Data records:
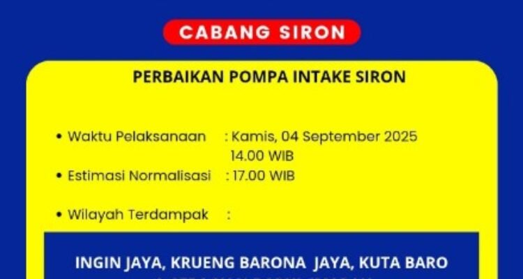 Aceh Besar – PDAM Tirta Mountala mengumumkan adanya gangguan layanan air bersih
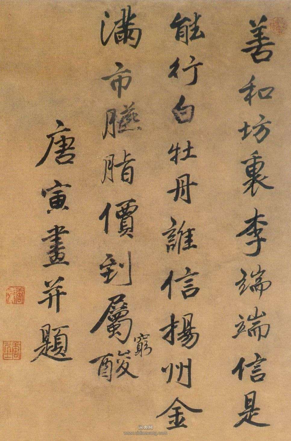 書法欣賞魏晉書法唐朝書法宋朝書法元朝書法明朝書法清朝書法近現代書法字典網>> 歷代書法>> 明朝>> 唐寅·自題《李端端圖》(2)正文 唐寅·自題《李端端圖》(2)作者:唐寅 書體:行書 唐寅《題李端端圖》絹本行書 南京博物院藏釋文:善和坊里李端端,信是能行白牡丹,誰信揚州金滿市,胭脂價到屬窮酸。唐寅畫並題。【資料來源】:南京博物院藏明代吳門繪畫特展《江南風華》首 頁 上一頁 1 2 唐寅的相關書法作品:唐寅《行書七律卷》 唐寅《行書自書詩》 唐寅行書《蜀葵圖扇面》 唐寅行書《書姑蘇寒山寺化鍾疏》 唐寅行書《千金良夜七言律詩軸》 唐寅《行書與若容手書冊》 唐寅《行書贈周良溫詩卷》 唐寅行書《風木圖卷題詩》 唐寅《吳門避暑詩》 相關文章:蔡襄《山堂詩帖》 (行書)【釋文】《丙午三月十二日晚》“欲尋軒檻倒金尊,江上煙雲向晚昏。須倩東風吹散雨,明...蘇軾行書《次韻秦太虛見戲耳聾詩帖》 (行書)蘇軾《次韻秦太虛見戲耳聾詩帖》,行書,台北故宮博物院藏。【釋文】君不見詩人借車無...鄧石如《四體書冊之篆書八闥冊》 (篆書)鄧石如《四體書冊之篆書八闥冊》 無錫博物館藏 釋文:萬綠陰中,小亭避暑,八闥洞開...西漢隸書《江陵鳳凰山木牘》 (隸書)1973年和1975年,先後在湖北江陵紀南城出土的木牘,是西漢文帝時期作品。字型...馮子振·虹月樓記卷 (行書)馮子振《虹月樓記卷》,紙本,33.4×320.8cm。上海博物館藏。《行草虹月...錢杜《行書八言聯》 (行書)錢杜《行書八言聯》紙本行書 128.9×20.3cm×2 上海博物館藏釋 文...徐浩·李峴妻獨孤峻墓誌 (楷書)徐浩所書《李峴妻獨孤峻墓誌》唐天寶十三年刻(754年),李峴撰,在2000年出土...褚遂良《伊闕佛龕碑》宋拓全本 (楷書)《伊闕佛龕碑》亦稱“三龕記”“龍門三龕碑”“伊闕佛龕之碑”,唐貞觀十五年十一月(...趙孟頫草書《種松帖》 (草書)《種松帖》是他寫給老家的書信,信中提及自己顧念家鄉之事,但心有餘而力不足,難以事...張即之行楷《金剛般若波羅蜜經》 (行楷)張即之《金剛般若波羅蜜經》 紙本 行楷 縱32.3厘米 日本京都智積院藏《金剛般...
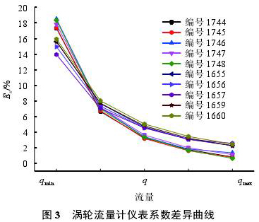 由圖2可知,不同粘度點下流量計儀表系數差異很大,圖3是10支流量計各流量點儀表系數誤差曲線。儀表系數差異通過式(1)計算。結果顯示,在低流量點儀表系數*大相差18%以上,在高流量點儀表系數*小相差約1%。
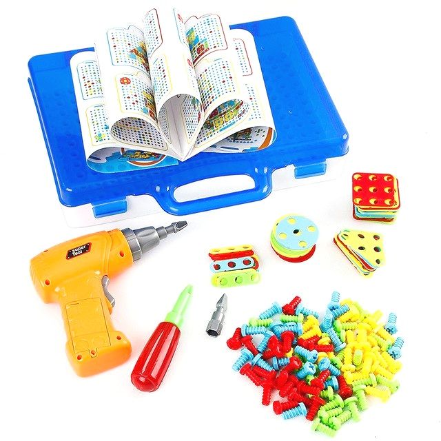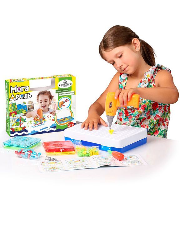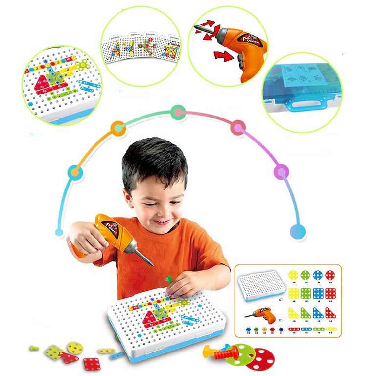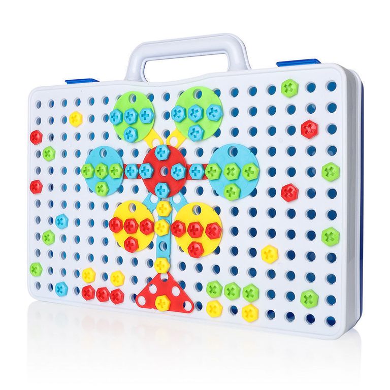 Дети могут весело вкручивать красочные винтики в доску и создавать сотни конструкций.
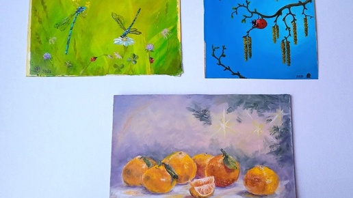 С картоночками маленького размера у меня связаны добрые воспоминания. Первые уроки, когда для разминки, перед тем как работать на холсте, мы смазывали льняным маслом обычный тонкий картон и затем на нём выполняли неуклюжий пейзаж. 2013 -й, спокойный и благополучный год. С тех пор мне очень сложно выбросить "отлично подходящий" картон в виде разных упаковок:) только сейчас я грунтую акрилом, а не маслом покрываю...

## Problem details
Print every entry above again, exactly as written. Leave the images out.

## Task result
 Aceh Besar – PDAM Tirta Mountala mengumumkan adanya gangguan layanan air bersih
 書法欣賞魏晉書法唐朝書法宋朝書法元朝書法明朝書法清朝書法近現代書法字典網>> 歷代書法>> 明朝>> 唐寅·自題《李端端圖》(2)正文 唐寅·自題《李端端圖》(2)作者:唐寅 書體:行書 唐寅《題李端端圖》絹本行書 南京博物院藏釋文:善和坊里李端端,信是能行白牡丹,誰信揚州金滿市,胭脂價到屬窮酸。唐寅畫並題。【資料來源】:南京博物院藏明代吳門繪畫特展《江南風華》首 頁 上一頁 1 2 唐寅的相關書法作品:唐寅《行書七律卷》 唐寅《行書自書詩》 唐寅行書《蜀葵圖扇面》 唐寅行書《書姑蘇寒山寺化鍾疏》 唐寅行書《千金良夜七言律詩軸》 唐寅《行書與若容手書冊》 唐寅《行書贈周良溫詩卷》 唐寅行書《風木圖卷題詩》 唐寅《吳門避暑詩》 相關文章:蔡襄《山堂詩帖》 (行書)【釋文】《丙午三月十二日晚》“欲尋軒檻倒金尊,江上煙雲向晚昏。須倩東風吹散雨,明...蘇軾行書《次韻秦太虛見戲耳聾詩帖》 (行書)蘇軾《次韻秦太虛見戲耳聾詩帖》,行書,台北故宮博物院藏。【釋文】君不見詩人借車無...鄧石如《四體書冊之篆書八闥冊》 (篆書)鄧石如《四體書冊之篆書八闥冊》 無錫博物館藏 釋文:萬綠陰中,小亭避暑,八闥洞開...西漢隸書《江陵鳳凰山木牘》 (隸書)1973年和1975年,先後在湖北江陵紀南城出土的木牘,是西漢文帝時期作品。字型...馮子振·虹月樓記卷 (行書)馮子振《虹月樓記卷》,紙本,33.4×320.8cm。上海博物館藏。《行草虹月...錢杜《行書八言聯》 (行書)錢杜《行書八言聯》紙本行書 128.9×20.3cm×2 上海博物館藏釋 文...徐浩·李峴妻獨孤峻墓誌 (楷書)徐浩所書《李峴妻獨孤峻墓誌》唐天寶十三年刻(754年),李峴撰,在2000年出土...褚遂良《伊闕佛龕碑》宋拓全本 (楷書)《伊闕佛龕碑》亦稱“三龕記”“龍門三龕碑”“伊闕佛龕之碑”,唐貞觀十五年十一月(...趙孟頫草書《種松帖》 (草書)《種松帖》是他寫給老家的書信,信中提及自己顧念家鄉之事,但心有餘而力不足,難以事...張即之行楷《金剛般若波羅蜜經》 (行楷)張即之《金剛般若波羅蜜經》 紙本 行楷 縱32.3厘米 日本京都智積院藏《金剛般...
 由圖2可知,不同粘度點下流量計儀表系數差異很大,圖3是10支流量計各流量點儀表系數誤差曲線。儀表系數差異通過式(1)計算。結果顯示,在低流量點儀表系數*大相差18%以上,在高流量點儀表系數*小相差約1%。
 Дети могут весело вкручивать красочные винтики в доску и создавать сотни конструкций.
 С картоночками маленького размера у меня связаны добрые воспоминания. Первые уроки, когда для разминки, перед тем как работать на холсте, мы смазывали льняным маслом обычный тонкий картон и затем на нём выполняли неуклюжий пейзаж. 2013 -й, спокойный и благополучный год. С тех пор мне очень сложно выбросить "отлично подходящий" картон в виде разных упаковок:) только сейчас я грунтую акрилом, а не маслом покрываю...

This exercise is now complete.